• _Aim of the task_
Copy the records below word for word, from the first line through the line that contains "СохранитьТарелка керамическая обеденная", and leave out any pictures.

• _Dataset records_
====

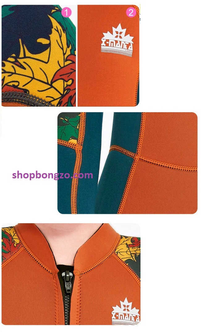 - Chất liệu vải gồm 3 tầng : lớp ngoài cùng vải nylon đàn hồi, lớp giữa là neoprene 2mm, lớp trong bằng vải nylon đàn hồi màu đen
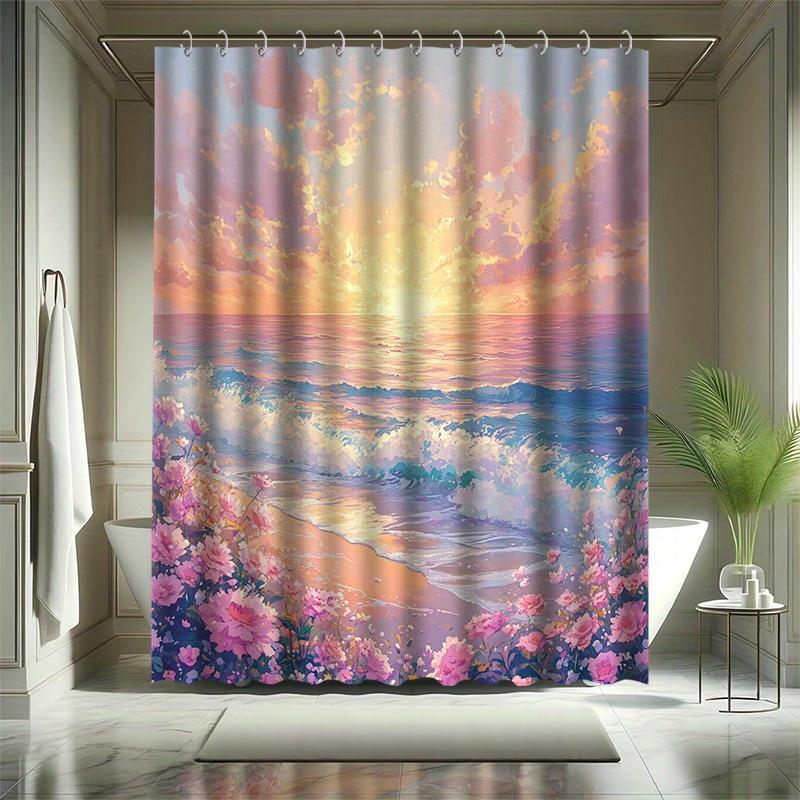 Fantasy Beauty Shower Curtain Set - Beach Waves & Flowers, White Clouds & Sunrise, Polyester Fabric, Modern Bathroom Decor
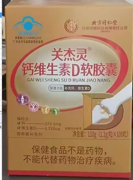 北京同仁堂关杰灵钙维生素D软胶囊1.1g/粒*100粒,5800盒24年10月日期,保2...
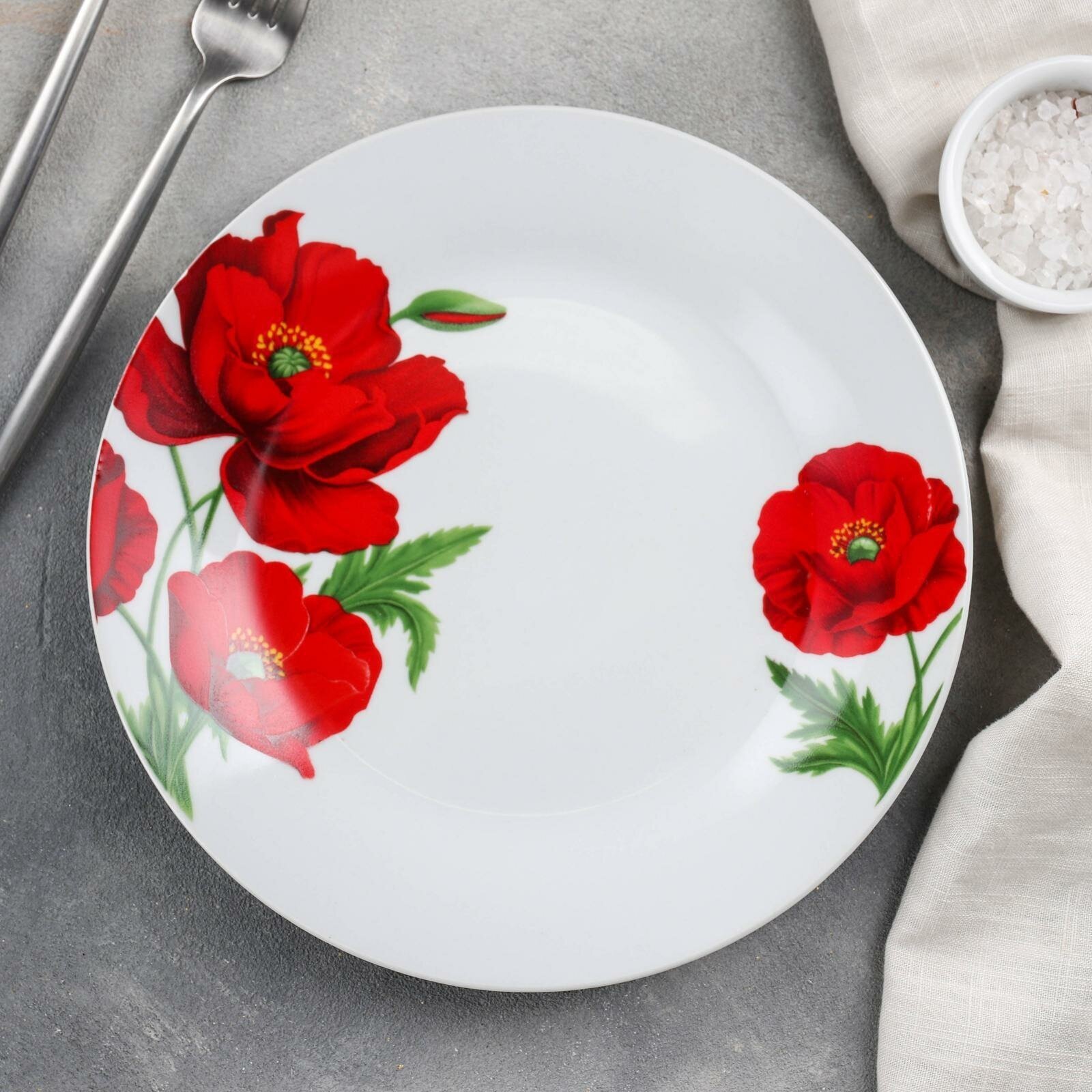 СохранитьТарелка керамическая обеденная «Маки», d=23 см, цвет белый интересное:
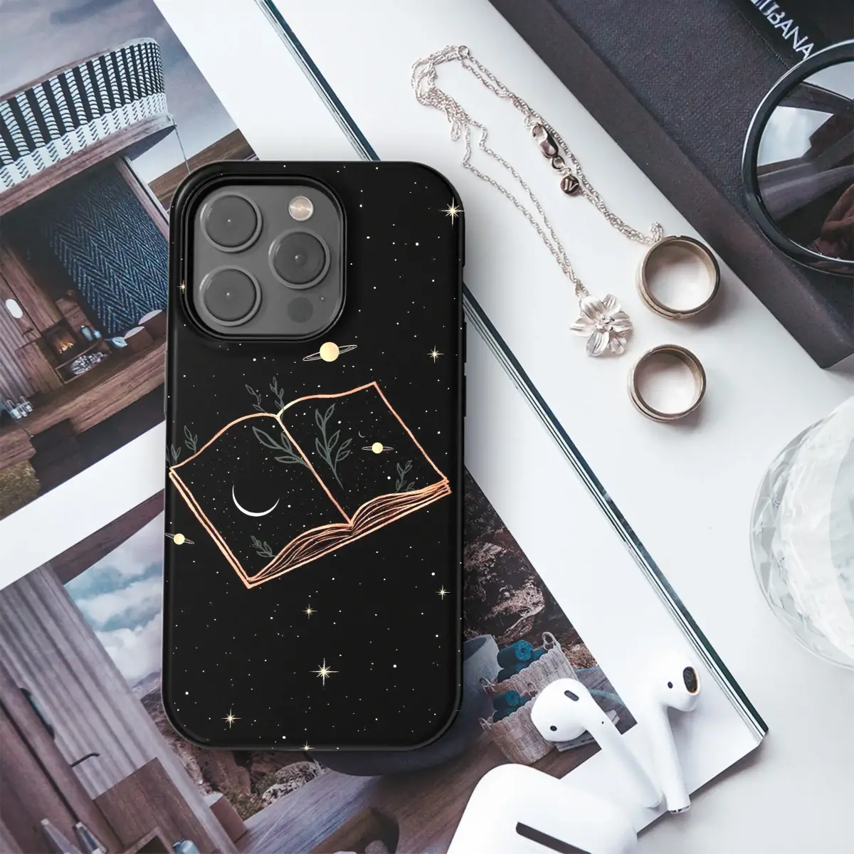 Carry a universe of stories in the palm of your hand with this enchanting celestial design, a true love letter to dreamers and bibliophiles. This isn't just an accessory; it's a portal. Imagine a mystical book, outlined in shimmering gold leaf, floating in the velvet darkness of deep space. As its pages open, they don't reveal words, but an entire galaxy—a breathtaking starry night sky spills forth, alive with twinkling constellations and distant, glowing planets. A serene crescent moon hangs nestled within the chapter, a quiet promise of magic and intuition, while tender green vines sprout from the binding, weaving a touch of earthy, cottagecore wonder into the cosmic scene. This design captures a perfect dark academia aesthetic, making it an unforgettable astrology gift for the stargazer or a treasured piece for any cosmic witch. It transforms your most essential tech into a personal talisman, a whimsical shield that protects your connection to the world while reflecting the universe within you. Let this beautiful moon and stars artwork be your daily companion, a constant, magical reminder that every story, and every soul, is written in the cosmos. It’s the perfect unique gift for the reader who has everything, a wearable piece of art that whispers of midnight libraries and celestial adventures.
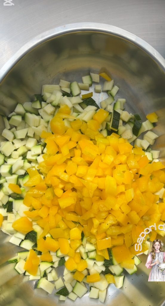 Begin met het in een kom doen van de in dunne blokjes gesneden courgette

====

• _Output below_
 - Chất liệu vải gồm 3 tầng : lớp ngoài cùng vải nylon đàn hồi, lớp giữa là neoprene 2mm, lớp trong bằng vải nylon đàn hồi màu đen
 Fantasy Beauty Shower Curtain Set - Beach Waves & Flowers, White Clouds & Sunrise, Polyester Fabric, Modern Bathroom Decor
 北京同仁堂关杰灵钙维生素D软胶囊1.1g/粒*100粒,5800盒24年10月日期,保2...
 СохранитьТарелка керамическая обеденная «Маки», d=23 см, цвет белый интересное:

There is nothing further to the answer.